The world’s most powerful supercomputer has raised the bar for calculating the number of atoms in a molecular dynamics simulation, reaching a size and speed 1,000 times greater than any other simulation of its kind before.
The simulation was carried out by a team of researchers from the University of Melbourne, the Department of Energy’s Oak Ridge National Laboratory, AMD and QDX who used the Frontier supercomputer to calculate the dynamics of more than 2 million electrons.
Additionally, this is the first time-resolved quantum chemistry simulation to exceed exaflop (over a quintillion, or a billion billion, calculations per second) using double-precision arithmetic. The 16 decimal places provided by double precision are computationally demanding, but the extra precision is needed for many scientific problems. In addition to setting a new benchmark, this achievement also provides a model for improving algorithms to solve larger and more complex scientific problems using top-of-the-line exaflop supercomputers.
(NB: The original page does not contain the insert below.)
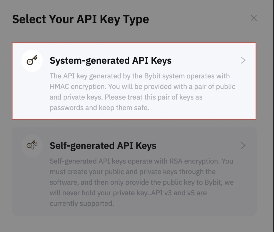 Note: Each exchange has its own security settings for copying API keys, such as 2FA authentication. We do not include those screens as they are standard and their availability depends on the individual settings of your exchange account.
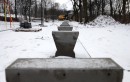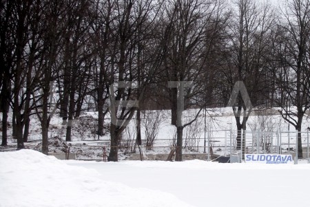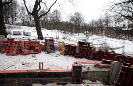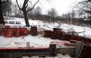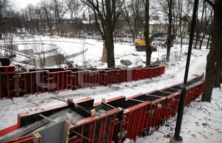 Nožogotais laukums Grīziņkalnā, kur notiek parka atjaunošanas darbi.

“This is going to be a game changer for many areas of science, but especially for drug discovery using high-precision quantum mechanics,” said Giuseppe Barca, an associate professor and programmer at the University of Melbourne. “Historically, researchers have hit a wall when trying to simulate the physics of molecular systems with very precise models because there just wasn’t enough computing power. So they’ve been limited to simulating small molecules, but many of the interesting problems we want to solve involve large models.”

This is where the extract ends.